Items from a dataset:
----------
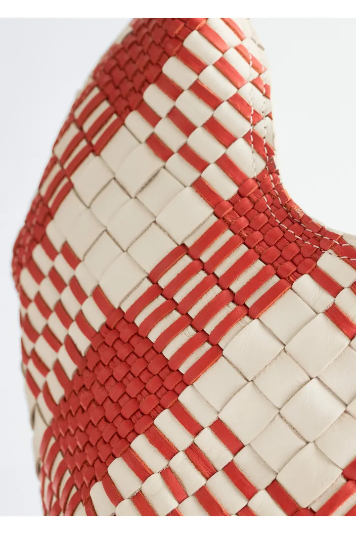 브레이드 가죽으로 아름답게 제작된 가방이에요. 루즈한 쉐입과 곡선진 상단 입구, 그리고 편안한 그립감을 위한 가죽 바인딩이 특징이에요. 가죽 마감 및 코튼 안감이 자리해 있으며, 포켓이 없는 깔끔한 디자인으로 일상 필수품을 수납하기에 좋답니다.
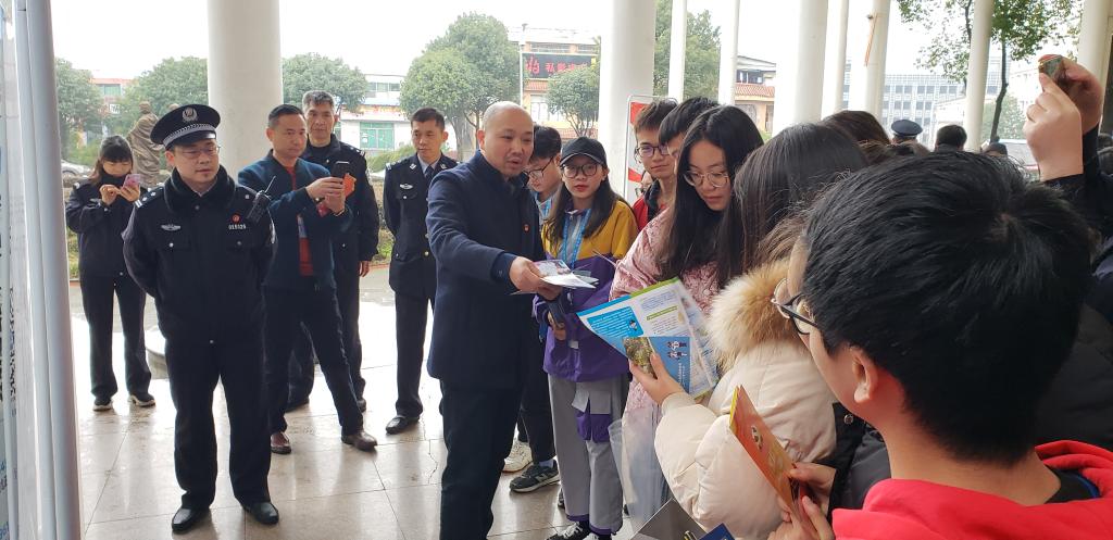 3月5日上午,汪东明副校长带领安全保卫处相关人员,会同麓谷派出所李钢所长及干警一行10余人,在伟德官网教学楼周边立起醒目的宣传板,向来往学生发放宣传资料,认真负责地为防范网络电信诈骗“摆摊设点”。
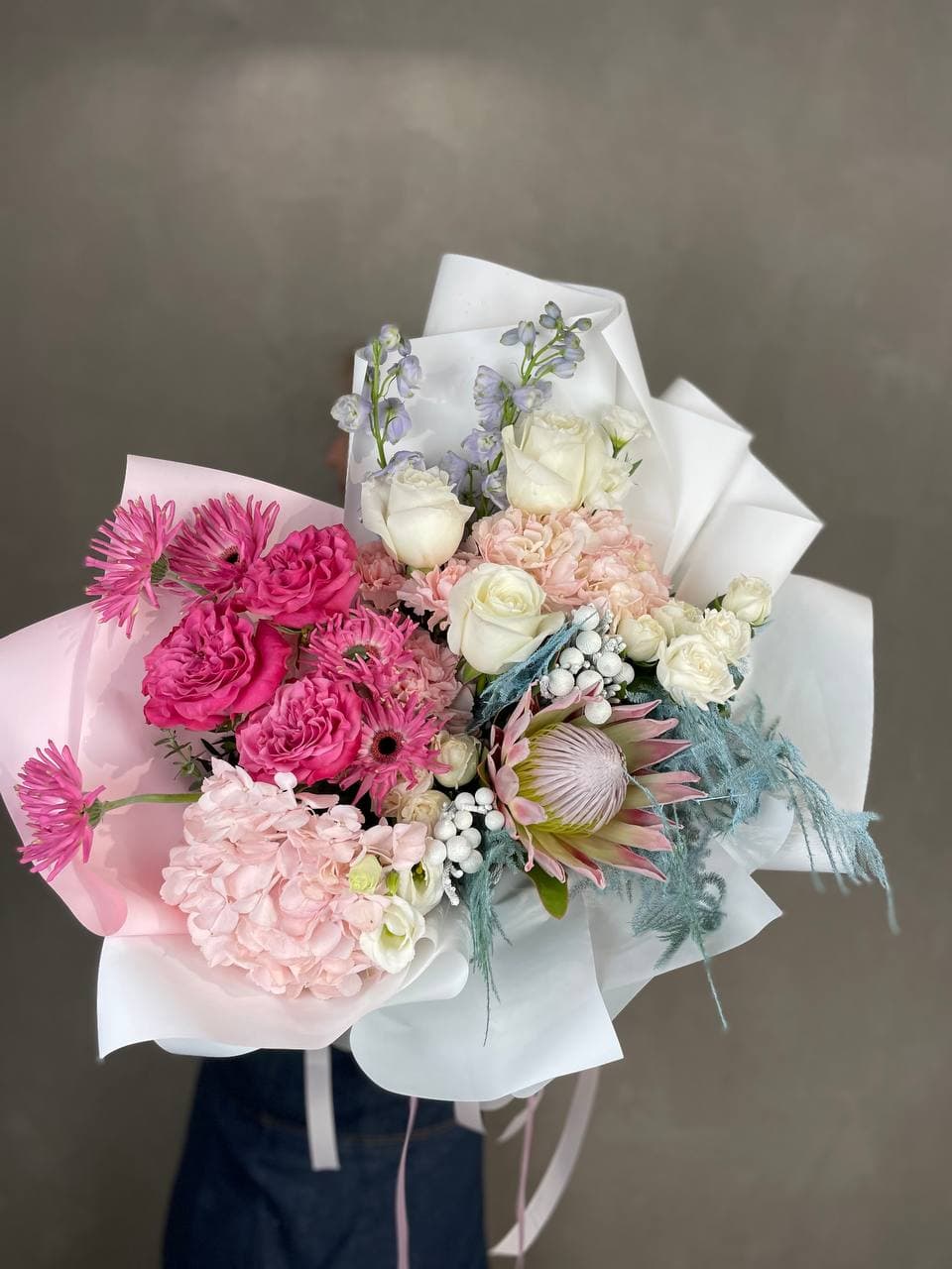 гортензия, белая роза, розовая роза, гербера, эустома, декоративная зелень, эвкалипт дизайнерское оформление, лента.
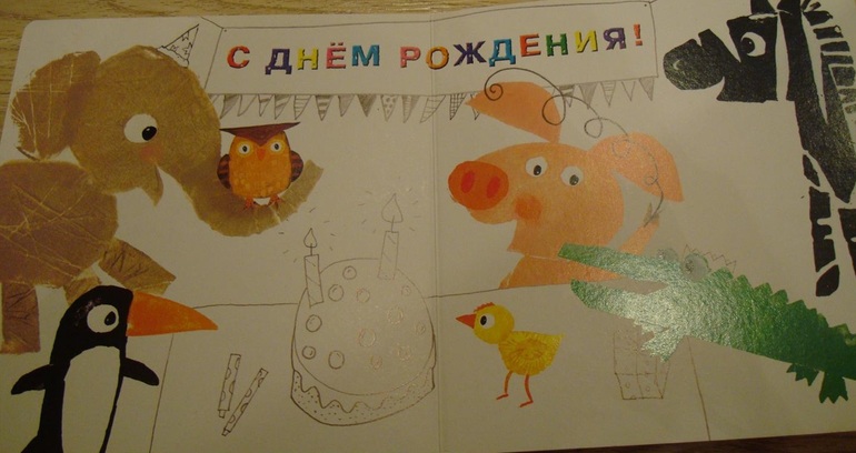 А на последнем развороте узнаем, что имениннику, к которому так спешили приглашенные, исполняется два года!
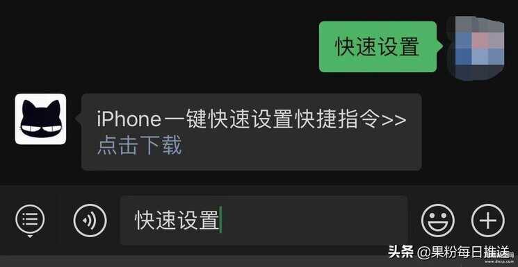 进入公众号后,点击右上角的“发消息”按钮在对话框发送关键字“快速设置”获取这个快捷指令。
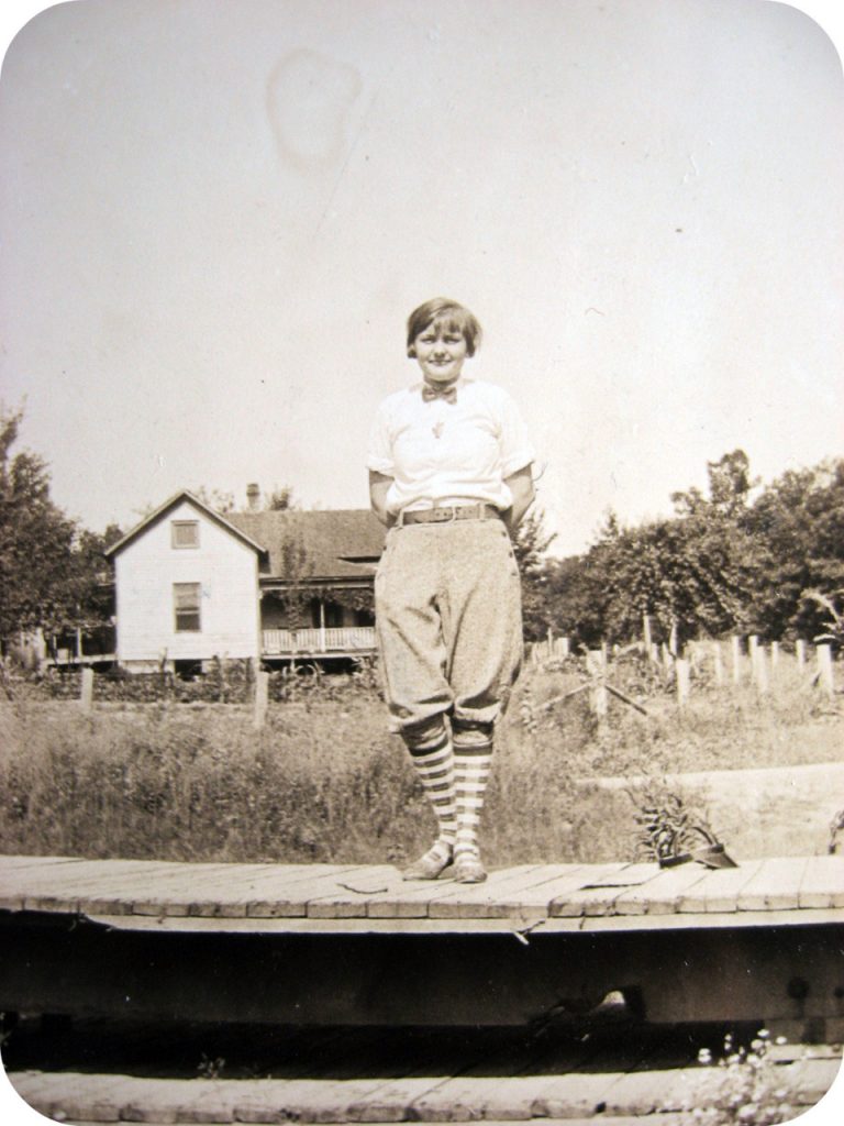 alwaysalwaysalwaysthesea: Edna (my grandmother) in bow tie, knickers, and striped stockings! 1920s.
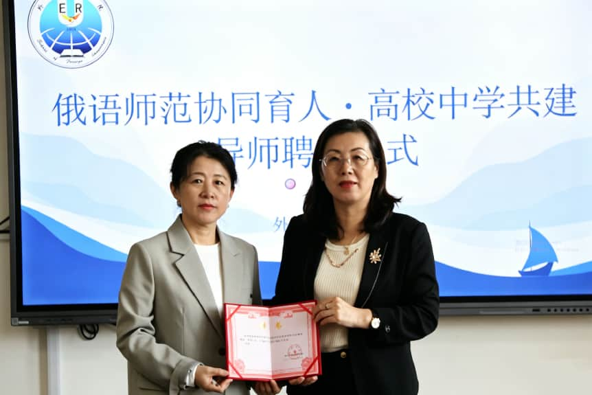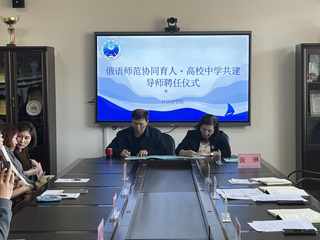 研讨会尾声,举行了校外指导教师聘书颁发仪式及实习协议签订仪式。黑河学院外国语学院为参会的一线俄语骨干教师颁发校外指导教师聘书,聘请各位骨干教师担任学院俄语专业学生的校外指导老师,助力高校人才培养与教学实践深度衔接,实现校地师资资源共享。同时,黑河学院外国语学院与黑河市第四中学、黑河市技师学院正式签订实习协议,明确了实习安排、指导责任、安全管理等相关事宜,搭建起学生顶岗实习的坚实平台,推动“双导师”制度落地见效,助力学生将理论知识与教学实践相结合,提升专业应用能力。
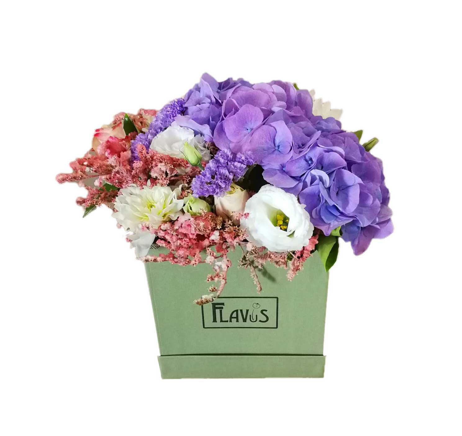 Scatola quadrata grande con lisianthus,rose,dalie e ortensia.Lavorata in cartone con riserva d'acqua in maniera tale da conservarne la resistenza per diversi giorni. Acquisto con ritiro in negozio.
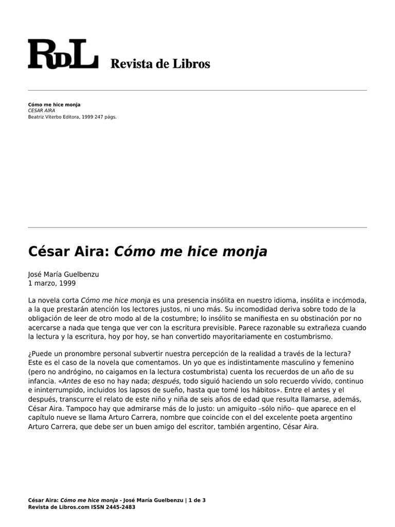 César Aira: Cómo me hice monja - José María Guelbenzu | 1 de 3
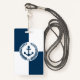 Design com temas náuticos, com decoração da soleira da âncora e da soleira do louro sobre fundo geométrico azul e branco
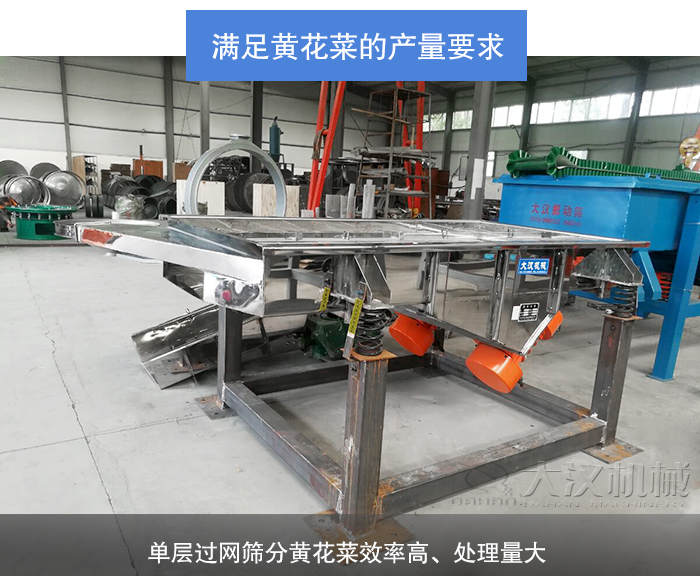 以上就是小編為您介紹的黃花菜除雜過濾使用的單層不銹鋼直線振動篩,如果您還有不懂的篩分問題,歡迎致電大漢客服部,我們將為您針對您的問題為您帶來專業(yè)、準(zhǔn)確的回答。
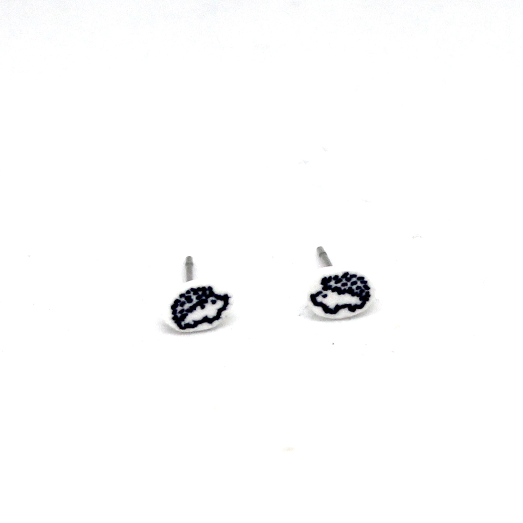 Ručně kreslené náušnice na plastovém recyklátu s motivem mini roztomilých ježečků. Plastový recyklát, přelakováno. Na puzetu z chirurgické oceli. Velikost cca 7 x 5 mm celý popis
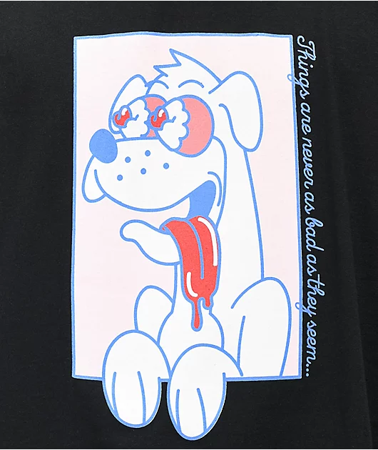 Whether you are having a good or bad day, make sure to wear the Always Worse black t-shirt from A-Lab. This black tee features screen-printed graphics at the chest and back of a stoned dog with red cupcake eyes, along with text that reads \”Things are neve
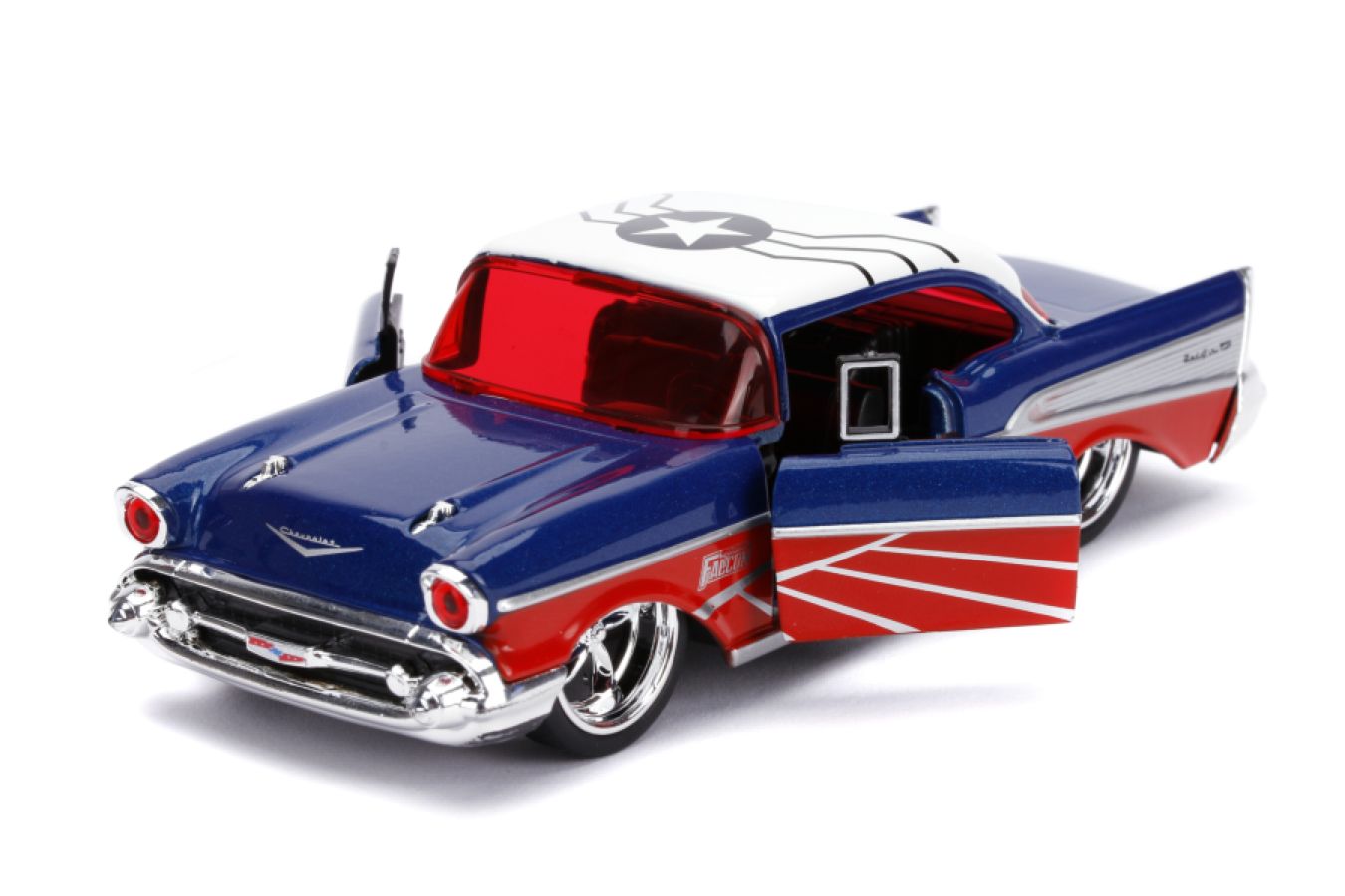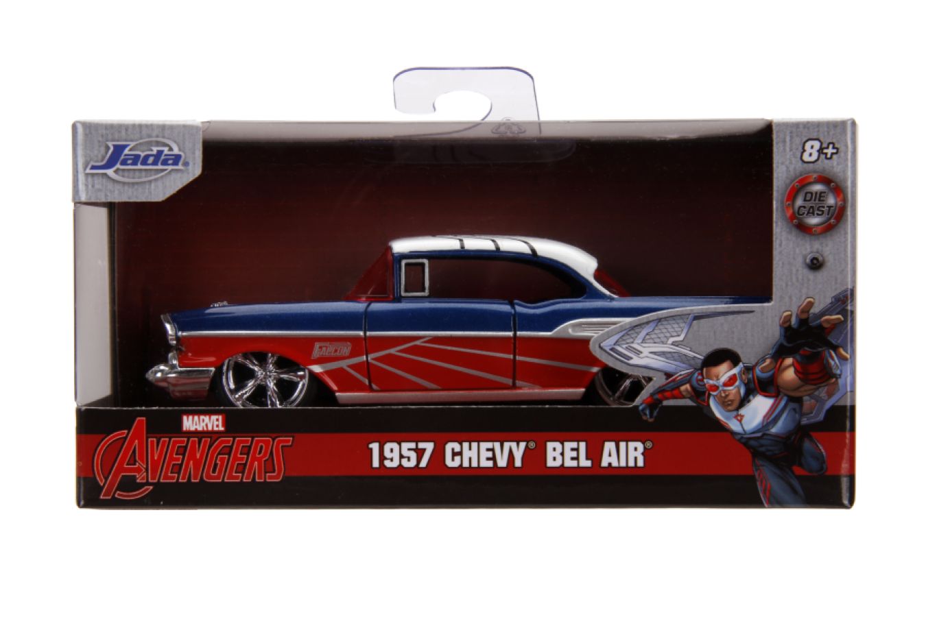 This 1957 Chevy Bel Air-Hard Top takes its styling cues directly from Falcon. This vehicle features opening doors along with a detailed interior. This beautifully sculpted collectible is sure to be a standout in any MARVEL collection.
----------
_INSTRUCTIONS FOR THE TASK_
All lines from the one containing "А на последнем" through the final line of the records are to be retyped exactly; no other lines and no pictures are to be included.

_EXERCISE SOLUTION_
 А на последнем развороте узнаем, что имениннику, к которому так спешили приглашенные, исполняется два года!
 进入公众号后,点击右上角的“发消息”按钮在对话框发送关键字“快速设置”获取这个快捷指令。
 alwaysalwaysalwaysthesea: Edna (my grandmother) in bow tie, knickers, and striped stockings! 1920s.
 研讨会尾声,举行了校外指导教师聘书颁发仪式及实习协议签订仪式。黑河学院外国语学院为参会的一线俄语骨干教师颁发校外指导教师聘书,聘请各位骨干教师担任学院俄语专业学生的校外指导老师,助力高校人才培养与教学实践深度衔接,实现校地师资资源共享。同时,黑河学院外国语学院与黑河市第四中学、黑河市技师学院正式签订实习协议,明确了实习安排、指导责任、安全管理等相关事宜,搭建起学生顶岗实习的坚实平台,推动“双导师”制度落地见效,助力学生将理论知识与教学实践相结合,提升专业应用能力。
 Scatola quadrata grande con lisianthus,rose,dalie e ortensia.Lavorata in cartone con riserva d'acqua in maniera tale da conservarne la resistenza per diversi giorni. Acquisto con ritiro in negozio.
 César Aira: Cómo me hice monja - José María Guelbenzu | 1 de 3
 Design com temas náuticos, com decoração da soleira da âncora e da soleira do louro sobre fundo geométrico azul e branco
 以上就是小編為您介紹的黃花菜除雜過濾使用的單層不銹鋼直線振動篩,如果您還有不懂的篩分問題,歡迎致電大漢客服部,我們將為您針對您的問題為您帶來專業(yè)、準(zhǔn)確的回答。
 Ručně kreslené náušnice na plastovém recyklátu s motivem mini roztomilých ježečků. Plastový recyklát, přelakováno. Na puzetu z chirurgické oceli. Velikost cca 7 x 5 mm celý popis
 Whether you are having a good or bad day, make sure to wear the Always Worse black t-shirt from A-Lab. This black tee features screen-printed graphics at the chest and back of a stoned dog with red cupcake eyes, along with text that reads \”Things are neve
 This 1957 Chevy Bel Air-Hard Top takes its styling cues directly from Falcon. This vehicle features opening doors along with a detailed interior. This beautifully sculpted collectible is sure to be a standout in any MARVEL collection.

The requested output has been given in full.